Analysis of the variation coefficient of the Normalized Vegetation Index (CV NDVI)
The variation coefficient of the Normalized Vegetation Index (CV NDVI) was calculated in each pixel - of 250 m resolution - from MODIS MOD13Q1 satellite images of the period 2010 to 2014, available at https://lpdaac.usgs.gov. The average values of the CV NDVI in each segment (1.8 x 2 km2 see in the main paper the section “Density surface model (DSM)”) and in each cell (4 km2) of the prediction grid (see in the main paper the section “Abundance and variance estimation”) were calculated. The map of the spatial variation of the CV NDVI was constructed (Fig. SI.1.1a) and the boundaries of the vegetation units of Península Valdés - defined by Bertiller et al. (2017; Fig. SI.1.1b) - were superimposed (Fig. SI.1.1a). Then, the mean NDVI CV was calculated in each vegetation unit (Table SI.1.1). The behavior of the variable in each stratum was visualized by the 'box-plot' chart (Fig. SI.1.2), while the significant differences were evaluated by means of Wilcoxon rank sum test (Table SI.1.1).

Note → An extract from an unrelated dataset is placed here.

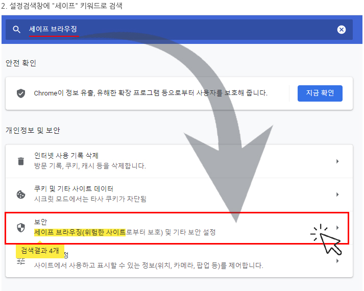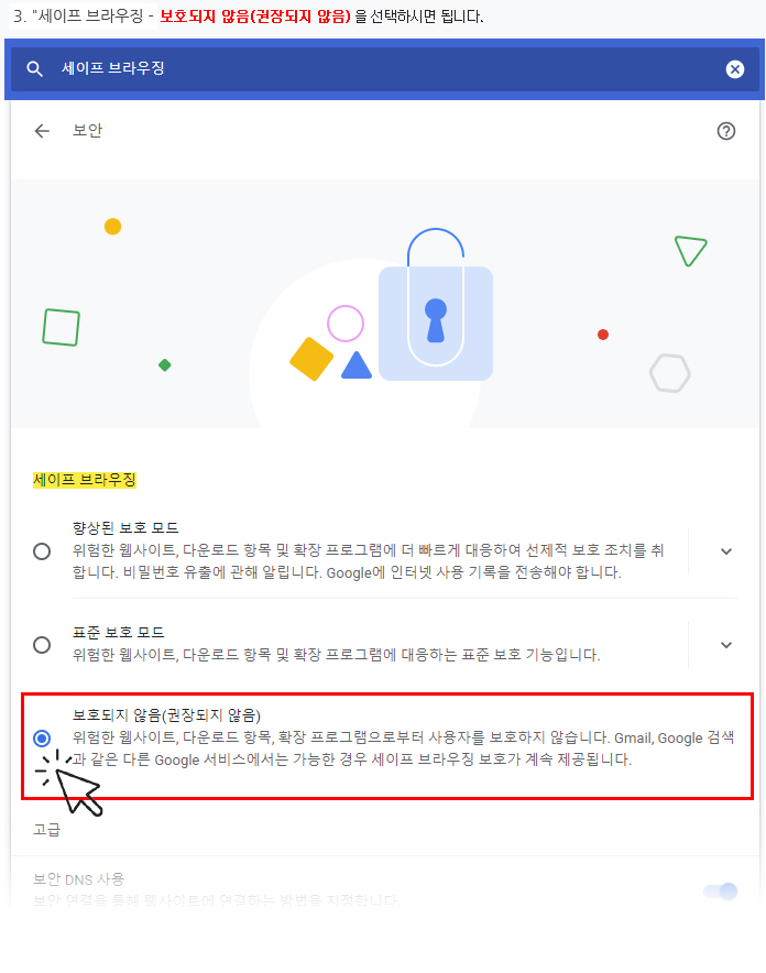설정 > 개인정보 및 보안 > 보안(세이프 브라우징) 해제(보호되지 않음(권장되지 않음)) 설정 후 이용을 해주시기 바랍니다.

Concurvity measures between smooth terms
As we described in the article, we evaluated concurvity measures between smooth terms throughout the model fitting procedure. Here we presented the pairwise concurvity measures by three related indices (worst, observed and estimated) for the base model of the Tweedie response distribution (Tables SI.2.1, SI.2.2 and SI.2.3), and for the final model selected (Tables SI.2.4, SI.2.5 and SI.2.6).
Spatial autocorrelation in the residuals
Spatial autocorrelation in the residuals was evaluated using the ‘dsm.cor’ function of the‘dsm’ package. As described in the article, the correlogram show a small amount of spatial autocorrelation in the residuals (Fig. SI3.1). The confidence interval increased in width as the number of lags increased.